(Assignment) Look through the data below and output, unchanged, every line from the one holding "This chant, authored" through the one holding "501 (теплая) и", inclusive. Skip the pictures.

== Data section ==

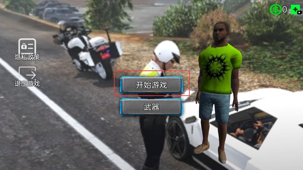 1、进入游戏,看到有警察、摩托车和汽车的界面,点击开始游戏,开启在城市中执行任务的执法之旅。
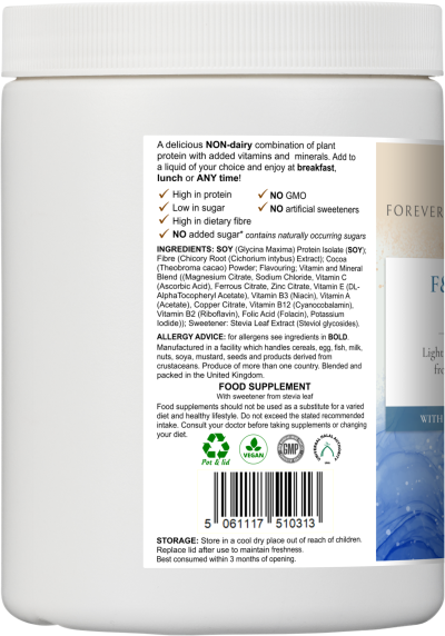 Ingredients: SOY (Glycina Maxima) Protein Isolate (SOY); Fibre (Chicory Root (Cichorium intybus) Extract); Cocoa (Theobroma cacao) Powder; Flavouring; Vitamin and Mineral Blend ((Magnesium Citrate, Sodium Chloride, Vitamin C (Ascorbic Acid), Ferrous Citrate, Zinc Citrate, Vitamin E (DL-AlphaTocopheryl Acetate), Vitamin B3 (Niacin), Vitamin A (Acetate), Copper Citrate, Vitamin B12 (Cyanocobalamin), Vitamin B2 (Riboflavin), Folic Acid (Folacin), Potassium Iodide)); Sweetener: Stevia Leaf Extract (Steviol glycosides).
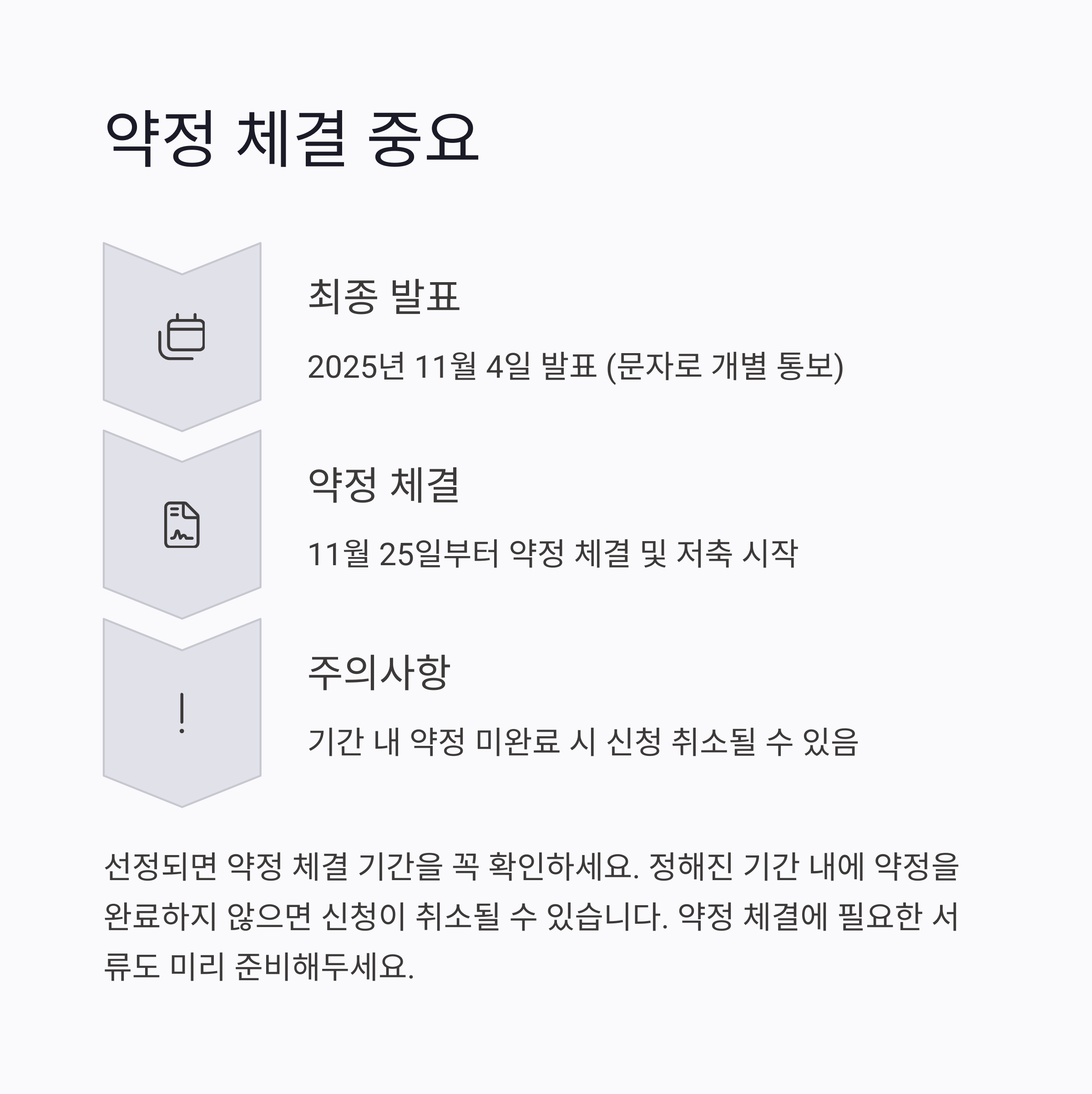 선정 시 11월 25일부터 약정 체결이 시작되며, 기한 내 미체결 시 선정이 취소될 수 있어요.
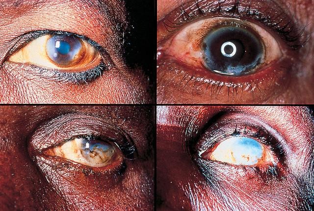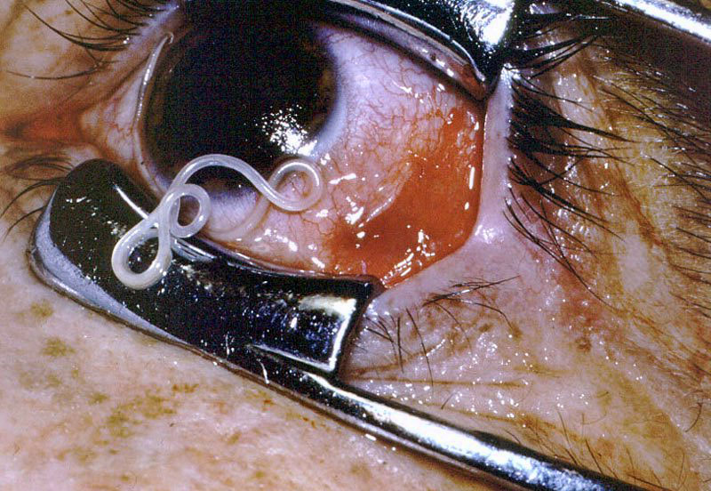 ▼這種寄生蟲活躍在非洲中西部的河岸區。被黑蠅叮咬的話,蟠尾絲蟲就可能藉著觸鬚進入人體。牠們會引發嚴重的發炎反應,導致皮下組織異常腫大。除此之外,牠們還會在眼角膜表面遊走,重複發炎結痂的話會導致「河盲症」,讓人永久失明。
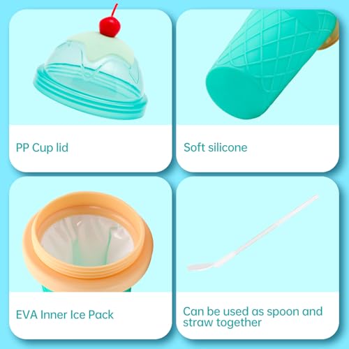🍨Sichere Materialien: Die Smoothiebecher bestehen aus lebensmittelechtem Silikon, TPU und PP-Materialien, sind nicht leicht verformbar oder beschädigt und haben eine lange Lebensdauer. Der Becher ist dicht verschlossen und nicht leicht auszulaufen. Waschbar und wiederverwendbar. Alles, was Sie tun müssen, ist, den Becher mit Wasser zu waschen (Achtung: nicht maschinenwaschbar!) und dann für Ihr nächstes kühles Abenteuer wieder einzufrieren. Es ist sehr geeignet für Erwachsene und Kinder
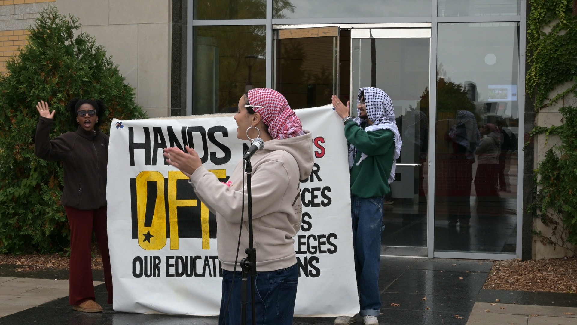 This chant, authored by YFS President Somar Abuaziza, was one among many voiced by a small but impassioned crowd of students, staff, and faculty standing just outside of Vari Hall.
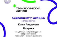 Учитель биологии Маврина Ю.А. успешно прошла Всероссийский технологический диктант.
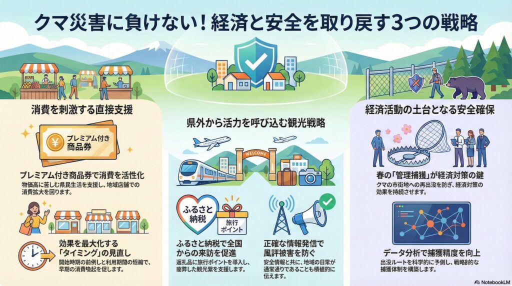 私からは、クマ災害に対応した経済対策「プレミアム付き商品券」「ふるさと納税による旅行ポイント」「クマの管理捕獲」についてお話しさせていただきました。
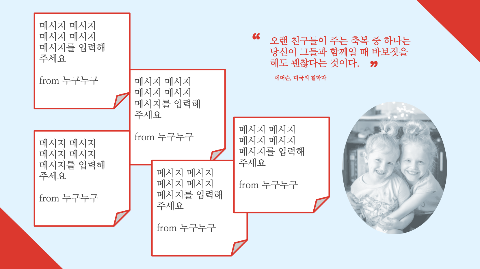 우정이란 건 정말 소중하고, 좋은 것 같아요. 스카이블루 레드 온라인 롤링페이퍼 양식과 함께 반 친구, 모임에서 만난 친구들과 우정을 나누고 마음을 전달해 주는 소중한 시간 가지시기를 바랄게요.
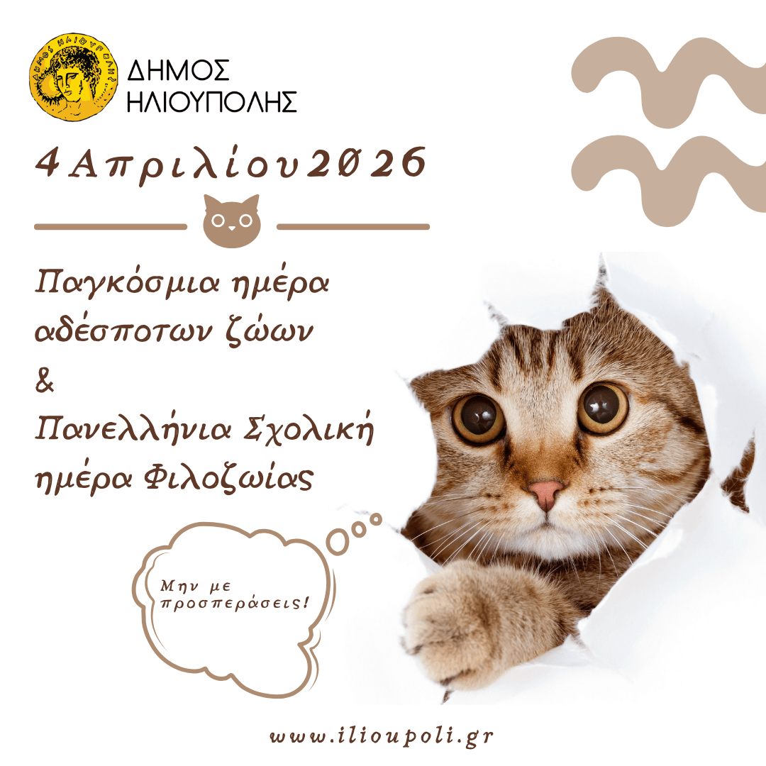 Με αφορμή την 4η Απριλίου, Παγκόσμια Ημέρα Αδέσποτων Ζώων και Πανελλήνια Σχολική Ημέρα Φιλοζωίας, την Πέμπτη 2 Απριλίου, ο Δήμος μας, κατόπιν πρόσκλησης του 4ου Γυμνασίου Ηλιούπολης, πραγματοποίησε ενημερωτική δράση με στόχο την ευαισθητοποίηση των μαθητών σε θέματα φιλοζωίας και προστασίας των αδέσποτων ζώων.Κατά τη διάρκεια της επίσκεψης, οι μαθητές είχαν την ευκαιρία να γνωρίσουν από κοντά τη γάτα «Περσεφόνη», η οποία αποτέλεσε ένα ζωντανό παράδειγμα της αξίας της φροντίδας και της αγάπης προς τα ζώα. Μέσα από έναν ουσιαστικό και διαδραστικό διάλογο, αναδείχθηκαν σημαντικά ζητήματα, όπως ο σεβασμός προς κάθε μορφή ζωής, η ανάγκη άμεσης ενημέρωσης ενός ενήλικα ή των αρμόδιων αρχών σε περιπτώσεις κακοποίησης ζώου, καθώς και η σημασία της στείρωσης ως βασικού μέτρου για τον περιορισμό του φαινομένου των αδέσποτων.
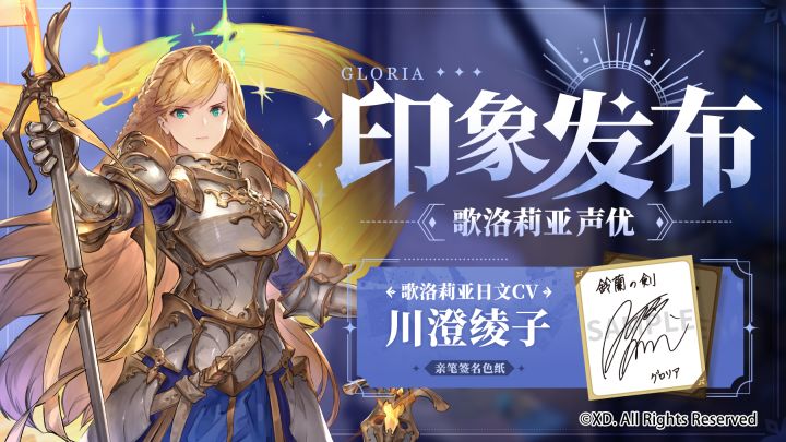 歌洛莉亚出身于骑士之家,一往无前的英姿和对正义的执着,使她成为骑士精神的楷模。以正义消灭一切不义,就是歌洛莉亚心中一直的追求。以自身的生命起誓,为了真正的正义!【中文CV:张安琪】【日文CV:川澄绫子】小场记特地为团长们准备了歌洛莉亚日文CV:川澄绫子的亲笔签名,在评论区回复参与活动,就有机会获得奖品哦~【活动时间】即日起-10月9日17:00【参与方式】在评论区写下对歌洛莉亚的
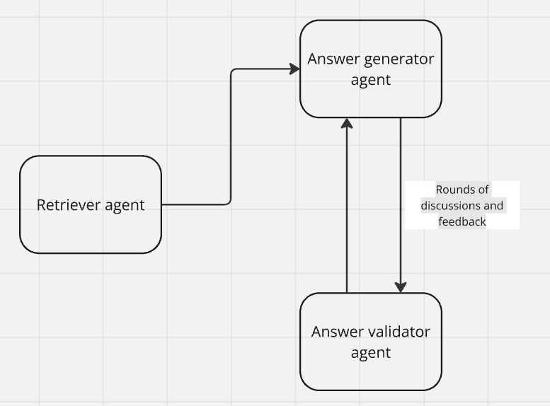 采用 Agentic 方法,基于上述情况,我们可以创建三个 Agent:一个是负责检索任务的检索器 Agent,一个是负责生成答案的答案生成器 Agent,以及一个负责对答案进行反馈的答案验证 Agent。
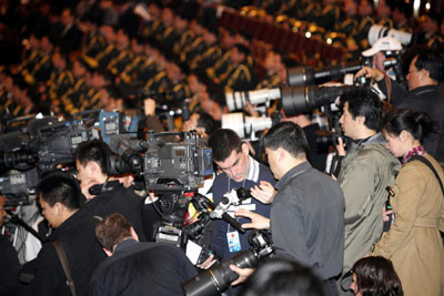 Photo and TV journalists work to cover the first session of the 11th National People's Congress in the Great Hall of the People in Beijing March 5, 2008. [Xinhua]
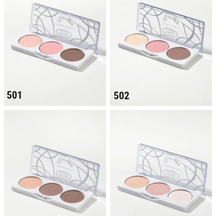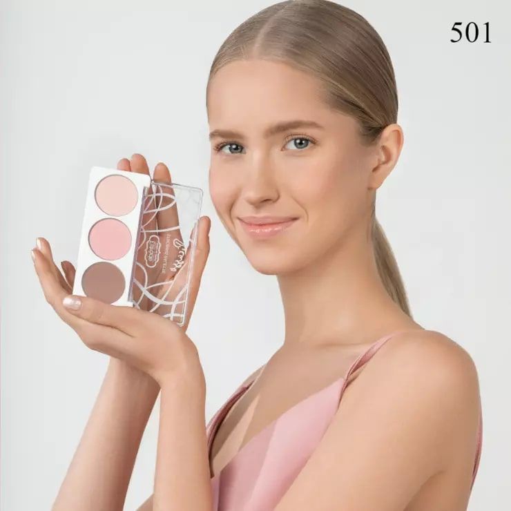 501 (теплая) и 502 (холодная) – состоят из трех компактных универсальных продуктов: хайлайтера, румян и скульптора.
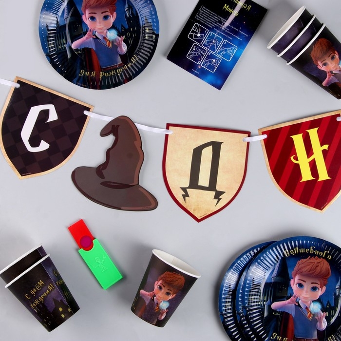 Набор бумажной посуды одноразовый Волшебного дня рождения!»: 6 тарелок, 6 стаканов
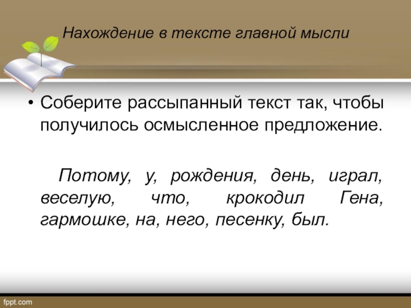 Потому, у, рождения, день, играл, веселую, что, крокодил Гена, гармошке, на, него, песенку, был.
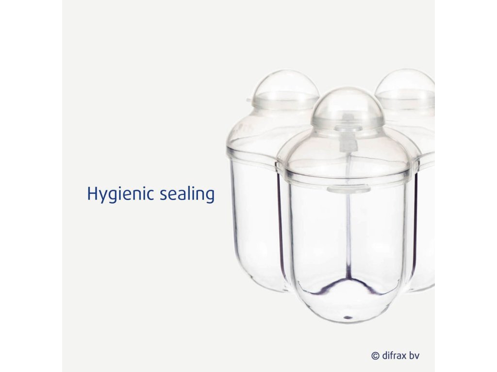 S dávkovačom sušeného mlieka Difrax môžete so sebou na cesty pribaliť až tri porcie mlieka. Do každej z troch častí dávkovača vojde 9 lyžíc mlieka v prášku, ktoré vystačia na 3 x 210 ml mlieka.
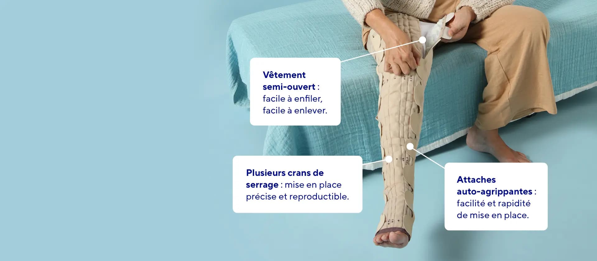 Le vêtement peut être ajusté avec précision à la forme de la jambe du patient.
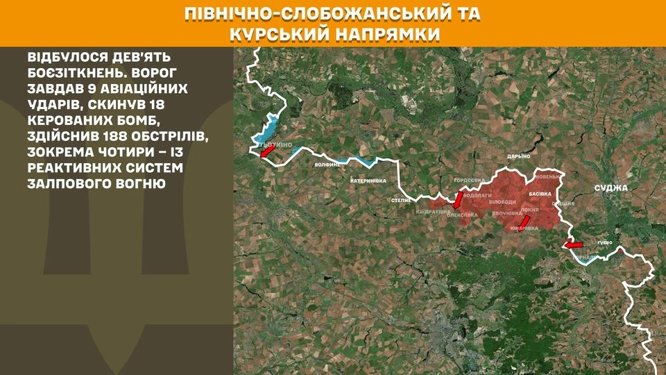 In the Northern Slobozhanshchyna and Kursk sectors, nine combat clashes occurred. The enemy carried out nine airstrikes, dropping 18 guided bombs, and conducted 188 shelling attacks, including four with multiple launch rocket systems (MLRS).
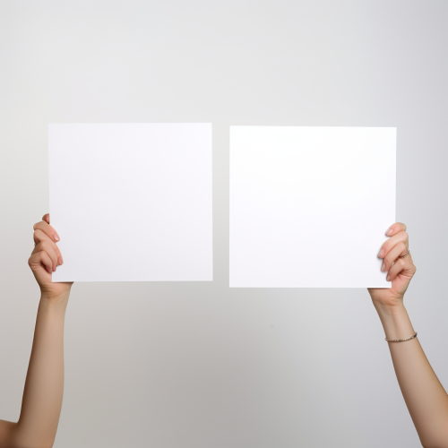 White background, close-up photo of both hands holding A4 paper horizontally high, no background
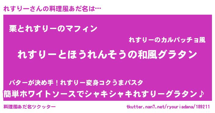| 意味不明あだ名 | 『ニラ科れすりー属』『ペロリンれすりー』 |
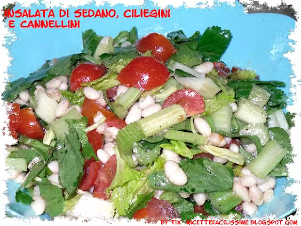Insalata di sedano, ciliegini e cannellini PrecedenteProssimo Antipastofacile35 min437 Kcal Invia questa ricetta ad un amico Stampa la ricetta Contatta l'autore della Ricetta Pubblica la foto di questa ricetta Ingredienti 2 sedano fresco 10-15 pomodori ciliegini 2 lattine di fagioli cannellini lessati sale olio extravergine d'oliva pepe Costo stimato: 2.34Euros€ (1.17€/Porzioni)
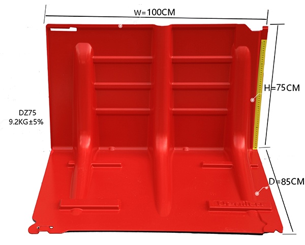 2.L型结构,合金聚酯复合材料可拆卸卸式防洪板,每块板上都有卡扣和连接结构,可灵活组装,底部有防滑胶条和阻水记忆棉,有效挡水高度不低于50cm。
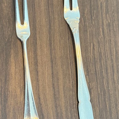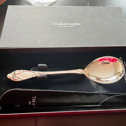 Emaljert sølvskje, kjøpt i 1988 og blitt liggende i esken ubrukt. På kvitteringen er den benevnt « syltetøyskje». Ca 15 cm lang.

===

(Answer box)
 This chant, authored by YFS President Somar Abuaziza, was one among many voiced by a small but impassioned crowd of students, staff, and faculty standing just outside of Vari Hall.
 Учитель биологии Маврина Ю.А. успешно прошла Всероссийский технологический диктант.
 私からは、クマ災害に対応した経済対策「プレミアム付き商品券」「ふるさと納税による旅行ポイント」「クマの管理捕獲」についてお話しさせていただきました。
 우정이란 건 정말 소중하고, 좋은 것 같아요. 스카이블루 레드 온라인 롤링페이퍼 양식과 함께 반 친구, 모임에서 만난 친구들과 우정을 나누고 마음을 전달해 주는 소중한 시간 가지시기를 바랄게요.
 Με αφορμή την 4η Απριλίου, Παγκόσμια Ημέρα Αδέσποτων Ζώων και Πανελλήνια Σχολική Ημέρα Φιλοζωίας, την Πέμπτη 2 Απριλίου, ο Δήμος μας, κατόπιν πρόσκλησης του 4ου Γυμνασίου Ηλιούπολης, πραγματοποίησε ενημερωτική δράση με στόχο την ευαισθητοποίηση των μαθητών σε θέματα φιλοζωίας και προστασίας των αδέσποτων ζώων.Κατά τη διάρκεια της επίσκεψης, οι μαθητές είχαν την ευκαιρία να γνωρίσουν από κοντά τη γάτα «Περσεφόνη», η οποία αποτέλεσε ένα ζωντανό παράδειγμα της αξίας της φροντίδας και της αγάπης προς τα ζώα. Μέσα από έναν ουσιαστικό και διαδραστικό διάλογο, αναδείχθηκαν σημαντικά ζητήματα, όπως ο σεβασμός προς κάθε μορφή ζωής, η ανάγκη άμεσης ενημέρωσης ενός ενήλικα ή των αρμόδιων αρχών σε περιπτώσεις κακοποίησης ζώου, καθώς και η σημασία της στείρωσης ως βασικού μέτρου για τον περιορισμό του φαινομένου των αδέσποτων.
 歌洛莉亚出身于骑士之家,一往无前的英姿和对正义的执着,使她成为骑士精神的楷模。以正义消灭一切不义,就是歌洛莉亚心中一直的追求。以自身的生命起誓,为了真正的正义!【中文CV:张安琪】【日文CV:川澄绫子】小场记特地为团长们准备了歌洛莉亚日文CV:川澄绫子的亲笔签名,在评论区回复参与活动,就有机会获得奖品哦~【活动时间】即日起-10月9日17:00【参与方式】在评论区写下对歌洛莉亚的
 采用 Agentic 方法,基于上述情况,我们可以创建三个 Agent:一个是负责检索任务的检索器 Agent,一个是负责生成答案的答案生成器 Agent,以及一个负责对答案进行反馈的答案验证 Agent。
 Photo and TV journalists work to cover the first session of the 11th National People's Congress in the Great Hall of the People in Beijing March 5, 2008. [Xinhua]
 501 (теплая) и 502 (холодная) – состоят из трех компактных универсальных продуктов: хайлайтера, румян и скульптора.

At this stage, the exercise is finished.